§ HOW TO COMPLETE THIS TASK
Exactly the lines below from the line with "以普通账户登录系统,依次进入" through the line with "La fachada, en" must make up the answer, both ends included and pictures left out.

§ GIVEN DATA
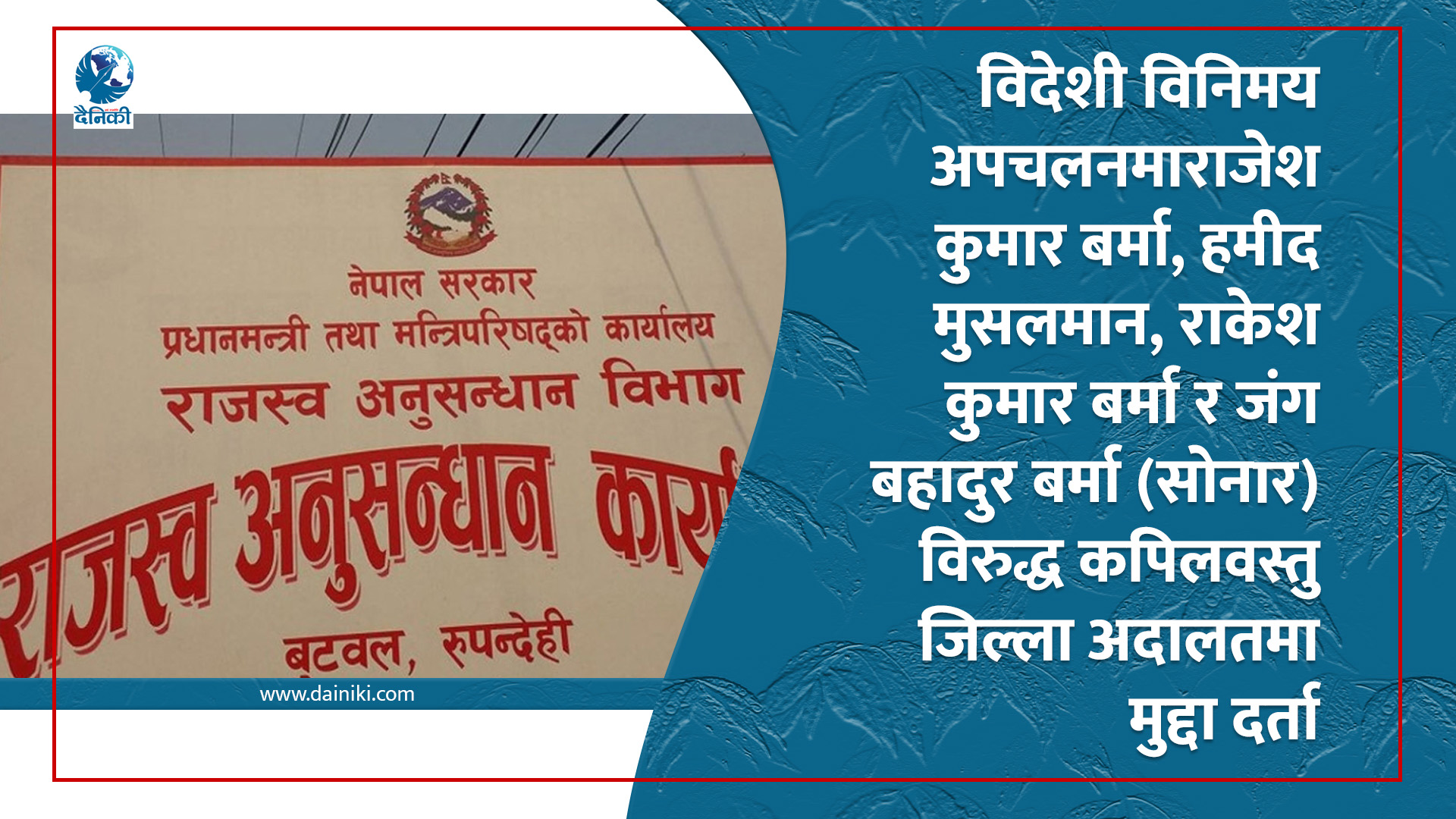 उक्त कार्य विदेशी विनिमय (नियमित गर्ने) ऐन, २०१९ (संशोधन सहित) को दफा ३, ४ र ५ तथा सोही ऐनको दफा १२ को अधिकार प्रयोग गरी नेपाल राष्ट्र बैंक, केन्द्रीय कार्यालय, विदेशी विनिमय व्यवस्थापन विभागले मिति २०७८/०९/२३ मा जारी गरेको एकीकृत परिपत्र –२०७८ को दफा (७) मा भएको व्यवस्थाले निषेध गरेको कार्य गरेको देखिन आएकोले प्रतिवादीहरुको साथबाट बरामद भएको भारु २१,३८,०००को नेपाल राष्ट्र बैङ्कले तोकेको विनिमय दर प्रति भारु १.६०१५ ने.रु. का दरले हिसाब गर्दा हुने ने. रु. ३४,२४,००७ जम्मा बिगो कायम गरी प्रतिवादीहरु जिल्ला कपिलवस्तु, शुद्धोधन गा.पा., वडा नं.–६, बिमिहा बस्ने बर्ष ३५ का राजेश कुमार बर्मा, जिल्ला कपिलवस्तु, शुद्धोधन गा.पा., वडा नं.–६, बिमिहा बस्ने बर्ष २६ का राकेश कुमार बर्मा, जिल्ला कपिलवस्तु, मायादेवी गा.पा., वडा नं.–१, ईमिलिया बस्ने बर्ष २८ का हमीद मुसलमान, जिल्ला कपिलवस्तु, शुद्धोधन गा.पा., वडा नं.–६, बिमिहा बस्ने बर्ष ५६ का जंग बहादुर बर्मा (सोनार) लाई विदेशी विनिमय (नियमित गर्ने) ऐन, २०१९ (संशोधन सहित) को दफा १७(१) बमोजिम हदैसम्मको जरीवाना गरी पाउन र बरामद भएको प्रतिबन्धित भारतीय रुपैया २१,३८,००० जफत गरी पाउन साथै विदेशी मुद्रा सहित नियन्त्रणमा लिइएको ग्ए५५ब्ः०४५९ नम्बरको भारतीय गाडी विदेशी विनिमय अपचलनको कसूरमा प्रयोग भएको हुँदा उक्त सवारी साधनलाई कसूरजन्य सम्पत्ति तथा साधन (रोक्का, नियन्त्रण र जफत) ऐन, २०७० को दफा ११ बमोजिम समेत जफतको मागदाबी लिई प्रतिवादीहरु राजेश कुमार बर्मा, राकेश कुमार वर्मा, हमीद मुसलमान र जंग बहादुर बर्मा र सक्कल मिसिल साथ विदेशी विनिमय (नियमित गर्ने) ऐन, २०१९(संशोधन सहित) दफा १८ क(१) बमोजिम वैशाख २५ गते मुद्दा दायर गरिएको जारी विज्ञप्तिमा उल्लेख गरिएको छ ।
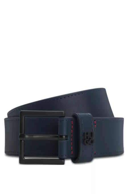 A 4cm belt in smooth leather with a matte-black buckle featuring a logo trim by HUGO. For the best fit, we advise ordering a belt one size larger than your waist size.
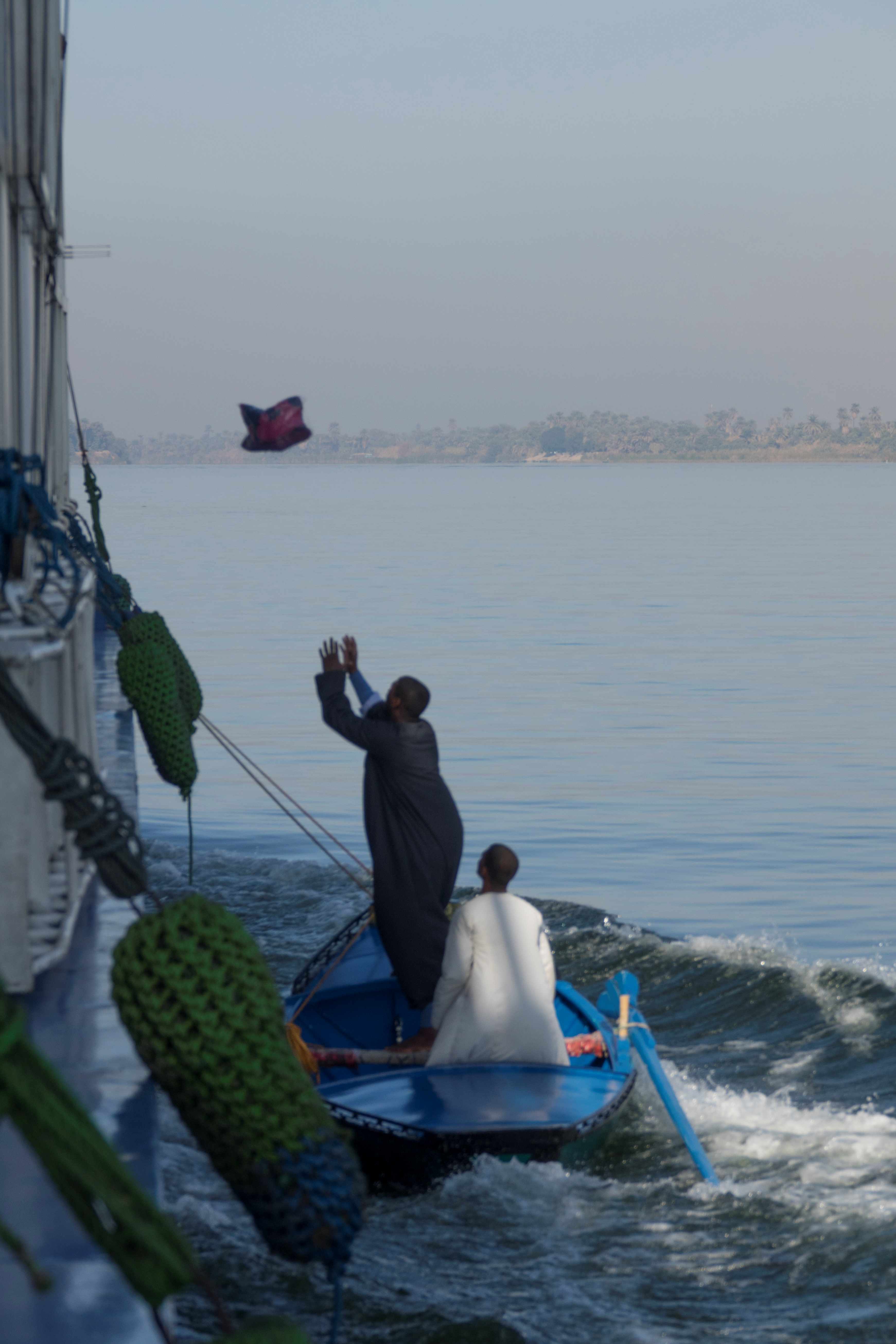 На участке Нила между Эдфу и Луксором наш корабль неожиданно повергся атаке торговых пиратов. Мне приходилось наблюдать штурм фруктовых пиратов во вьетнамской бухте Халонг, когда к нашему прогулочному судну лихо подплывала моторная лодка с фруктами и девушка с помощью удочки с сеткой на конце передавала нам на верхнюю палубу манго и всякие «драконьи глаза» за вознаграждение. Но то, что мы увидели на Ниле, было полной неожиданностью. Представьте: наш огромный и внешне неприступный четырехэтажный круизный лайнер движется по огромной реке, мы сидим в ресторане, который расположен на первом этаже, и вдруг в окне, словно на большом экране, появляется утлая весельная лодочка с двумя речными бедуинами.
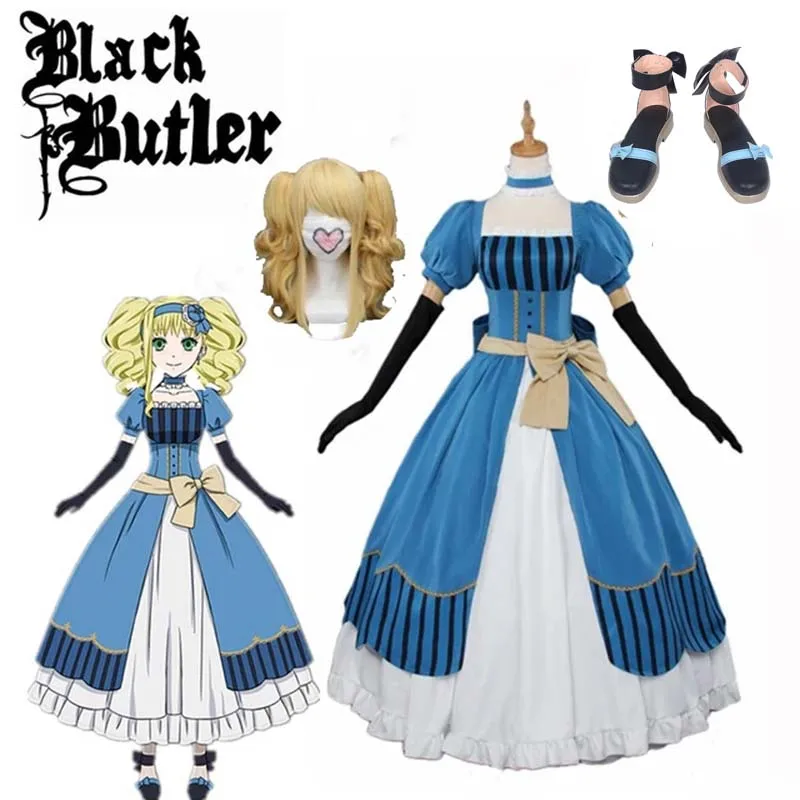 Ботинки в стиле аниме Темный дворецкий Kuroshitsuji Элизабет мидфорд Косплэй костюм Лиззи вечернее платье в стиле "Лолита" парик обувь полный набор для вечеринки в честь Хэллоуина
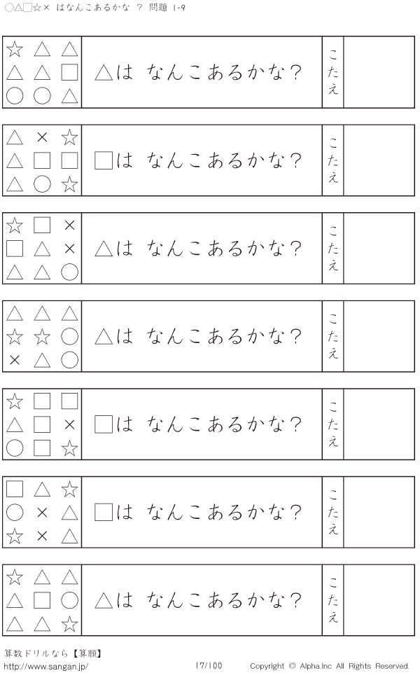 ○△□×☆はなんこかな?1-9-[プリント一覧] [問題]017/100
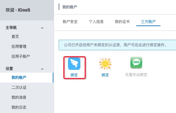 以普通账户登录系统,依次进入:我的账户->三方账户,在这里能看到已经绑定的三方账户或需要绑定的三方账户。如下图:
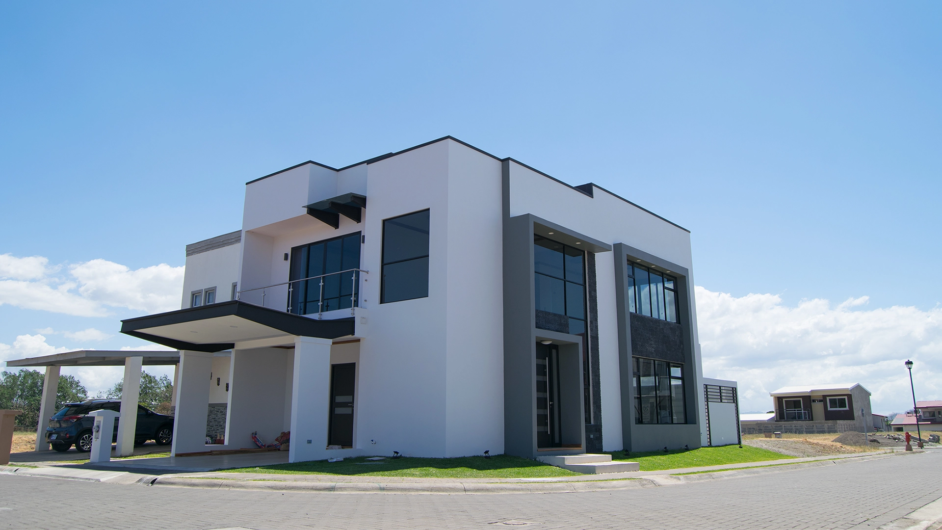 La fachada, en tonos neutros, combina grandes ventanales que permiten la entrada abundante de luz natural, creando una sensación de amplitud y conexión con el exterior.
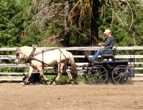 Lyn has been driven in a pair with our gelding, Magnum. Has had some single driving and has been ridden around the 320 acres. Orville’s choice if he is coming up for lunch from the corrals and doesn’t want to walk so will ride Lyn up. Tie him up to the hitching rail come in and have lunch, while Lyn stands quietly. Summer of 2017 we hauled Lyn, Magnum, Mina and Katie to Alberta, to visit our daughter and take part in a wagon ride. Lyn stood quietly the entire 16 hour trip which included blowing a tire on the trailer, limping to a parking area to change. Then getting the tire fixed as not a good idea to be going through the mountains with no spare. All in all was a long day for the horses that were incredibly well mannered the entire time.
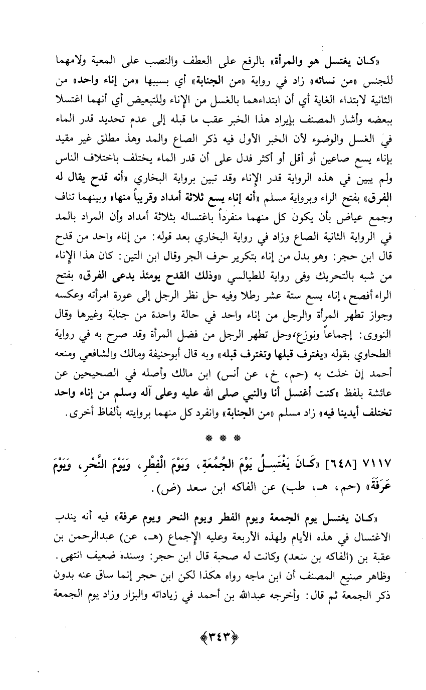 كَانَ يغْتَسل هُوَ وَالْمَرْأَة بالفع على الْعَطف وَالنّصب على الْمَعِيَّة ولامهما للْجِنْس من نِسَائِهِ زَاد فِي رِوَايَة من الْجَنَابَة أَي بِسَبَبِهَا من إِنَاء وَاحِد من الثَّانِيَة لابتداء الْغَايَة أَي ابتداءهما بِالْغسْلِ من الْإِنَاء وللتبعيض أَي أَنَّهُمَا اغتسلا بِبَعْضِه وَأَشَارَ المُصَنّف بإيراد هَذَا الْخَبَر عقب مَا قبله إِلَى عدم تَحْدِيد قدر المَاء فِي الْغسْل وَالْوُضُوء لِأَن الْخَبَر الأول فِيهِ ذكر الصَّاع وَالْمدّ وهذ مُطلق غير مُقَيّد بِإِنَاء يسع صَاعَيْنِ أَو أقل أَو أَكثر فَدلَّ على أَن قدر المَاء يخْتَلف باخْتلَاف النَّاس وَلم يبين فِي هَذِه الرِّوَايَة قدر الْإِنَاء وَقد تبين بِرِوَايَة البُخَارِيّ أَنه قدح يُقَال لَهُ الْفرق بِفَتْح الرَّاء وبرواية مُسلم أَنه إِنَاء يسع ثَلَاثَة أَمْدَاد وقريبا مِنْهَا وَبَينهمَا تناف وَجمع عِيَاض بِأَن يكون كل مِنْهُمَا مُنْفَردا باغتساله بِثَلَاثَة أَمْدَاد وَأَن المُرَاد بِالْمدِّ فِي الرِّوَايَة الثَّانِيَة الصَّاع وَزَاد فِي رِوَايَة البُخَارِيّ بعد قَوْله من إِنَاء وَاحِد من قدح قَالَ ابْن حجر وَهُوَ بدل من إِنَاء بتكرير حرف الْجَرّ وَقَالَ ابْن التِّين كَانَ هَذَا الْإِنَاء من شبه بِالتَّحْرِيكِ وَفِي رِوَايَة للطيالسي وَذَلِكَ الْقدح يَوْمئِذٍ يدعى الْفرق بِفَتْح الرَّاء أفْصح إِنَاء يسع سِتَّة عشر رطلا وَفِيه حل نظر الرجل عَورَة امْرَأَته وَعَكسه وَجَوَاز تطهر الْمَرْأَة وَالرجل من إِنَاء وَاحِد فِي حَالَة وَاحِدَة من جَنَابَة وَغَيرهَا وَقَالَ النووى إِجْمَاعًا ونوزع وَحل تطهر الرجل من فضل الْمَرْأَة وَقد صرح بِهِ فِي رِوَايَة الطَّحَاوِيّ بقوله يغترف قبلهَا وتغترف قبله وَبِه قَالَ أَبُو حنيفَة وَمَالك وَالشَّافِعِيّ وَمنعه أَحْمد إِن خلت بِهِ حم خَ عَن أنس ابْن مَالك وَأَصله فِي الصَّحِيحَيْنِ عَن عَائِشَة بِلَفْظ كنت أَغْتَسِل أَنا وَالنَّبِيّ صلى الله عَلَيْهِ وَسلم وعَلى آله وَسلم من إِنَاء وَاحِد تخْتَلف أَيْدِينَا فِيهِ زَاد مُسلم من الْجَنَابَة وَانْفَرَدَ كل مِنْهُمَا بروايته بِأَلْفَاظ أُخْرَى
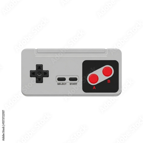 Fototapeta premium A top-down view of a classic grey video game controller with red buttons and a black directional pad.
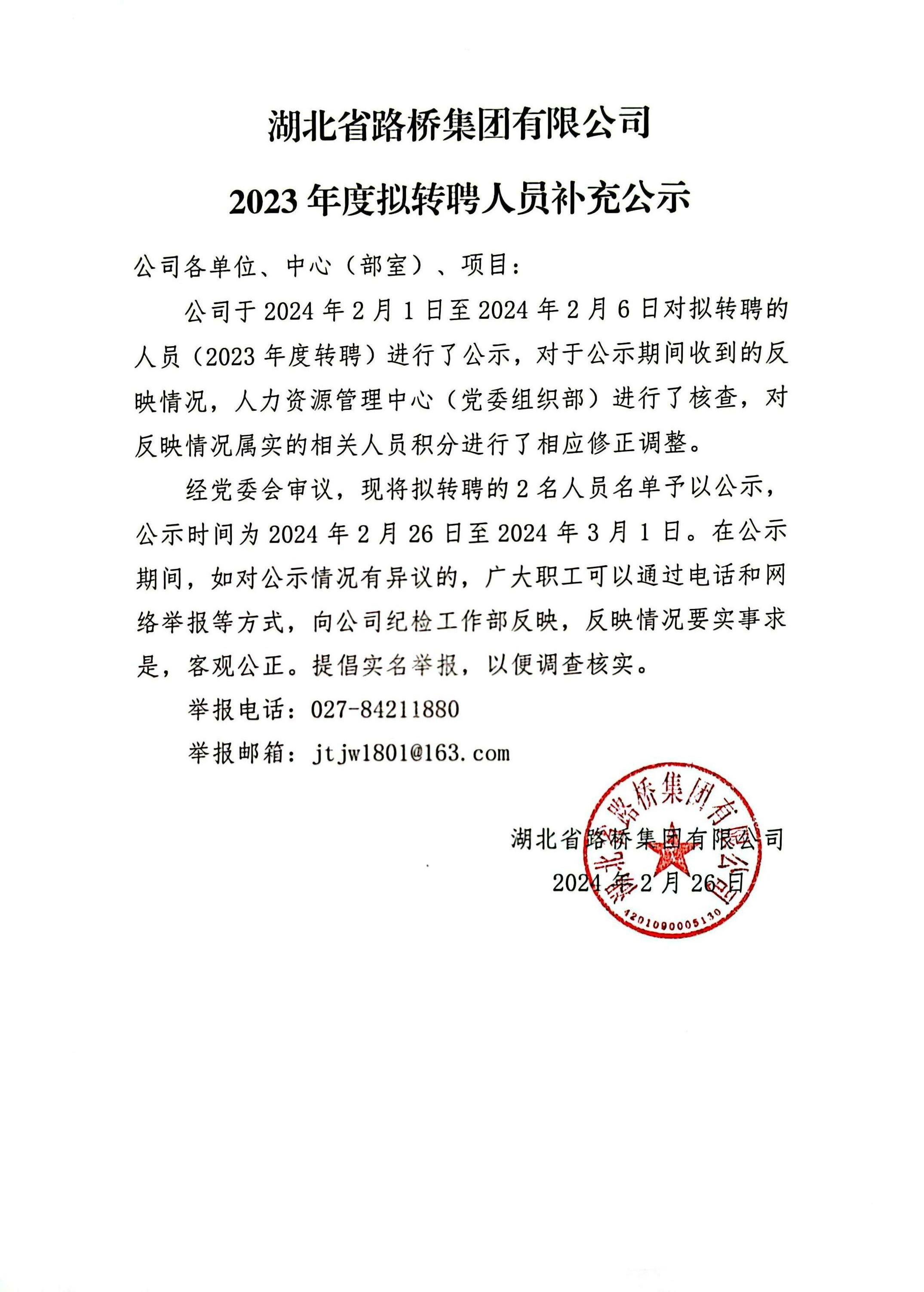 湖北省路橋集團(tuán)有限公司2023年度擬轉(zhuǎn)聘人員補(bǔ)充公示

§ EXPECTED OUTPUT
 以普通账户登录系统,依次进入:我的账户->三方账户,在这里能看到已经绑定的三方账户或需要绑定的三方账户。如下图:
 La fachada, en tonos neutros, combina grandes ventanales que permiten la entrada abundante de luz natural, creando una sensación de amplitud y conexión con el exterior.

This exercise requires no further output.